• Work required:
Scan the data, and whenever a line contains "Manus", copy it.

:: Input ::

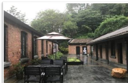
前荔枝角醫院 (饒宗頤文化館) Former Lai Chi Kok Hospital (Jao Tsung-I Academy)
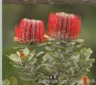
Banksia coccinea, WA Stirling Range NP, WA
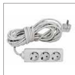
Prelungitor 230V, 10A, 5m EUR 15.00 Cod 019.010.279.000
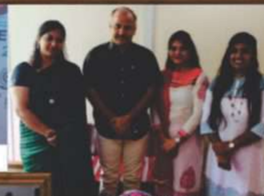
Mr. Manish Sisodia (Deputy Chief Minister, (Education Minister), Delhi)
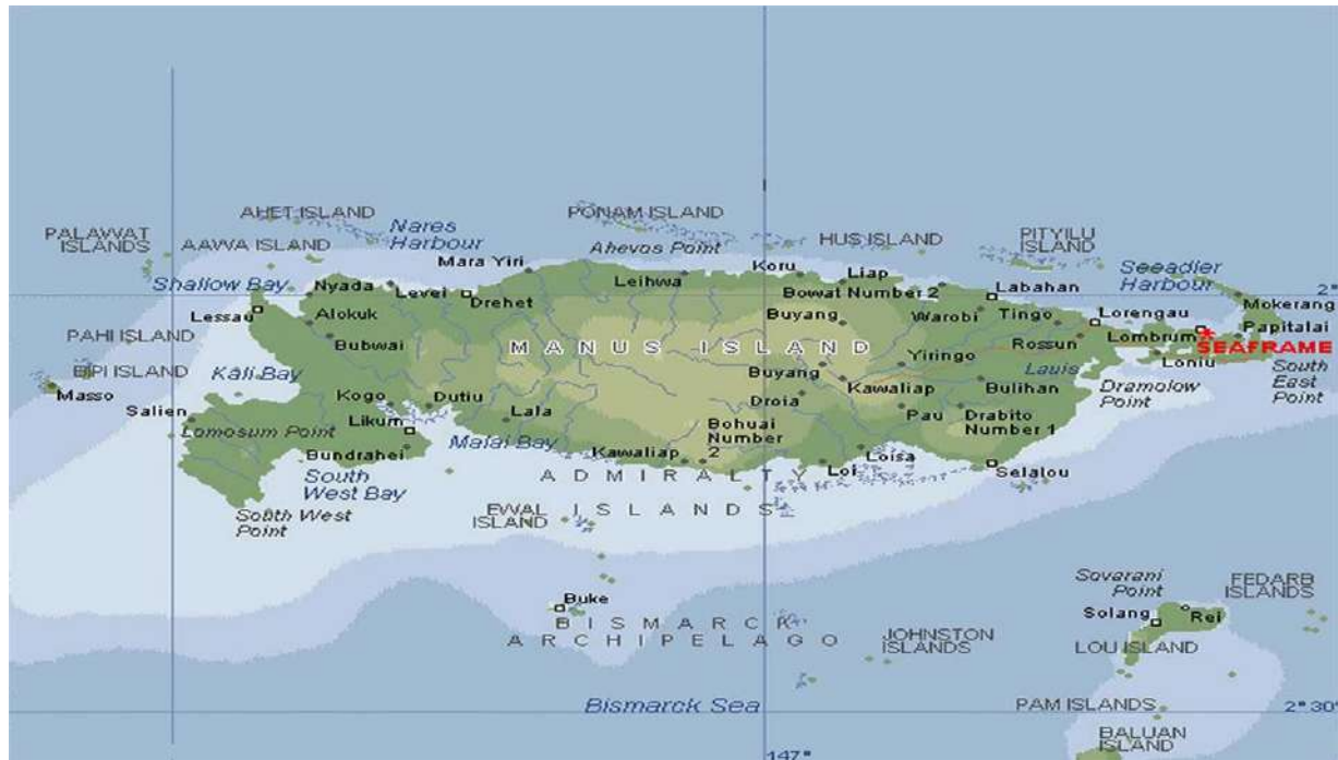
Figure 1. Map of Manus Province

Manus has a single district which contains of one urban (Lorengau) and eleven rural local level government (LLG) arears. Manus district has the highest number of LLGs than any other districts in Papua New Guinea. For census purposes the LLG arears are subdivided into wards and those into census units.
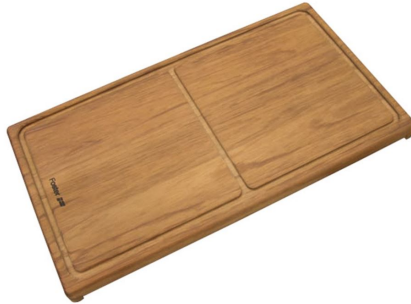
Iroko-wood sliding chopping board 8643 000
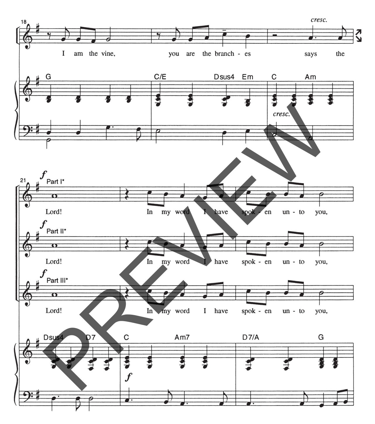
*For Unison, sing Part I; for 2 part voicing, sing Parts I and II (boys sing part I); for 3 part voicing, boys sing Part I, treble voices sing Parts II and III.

:::

• Your solution:
Figure 1. Map of Manus Province
Manus has a single district which contains of one urban (Lorengau) and eleven rural local level government (LLG) arears. Manus district has the highest number of LLGs than any other districts in Papua New Guinea. For census purposes the LLG arears are subdivided into wards and those into census units.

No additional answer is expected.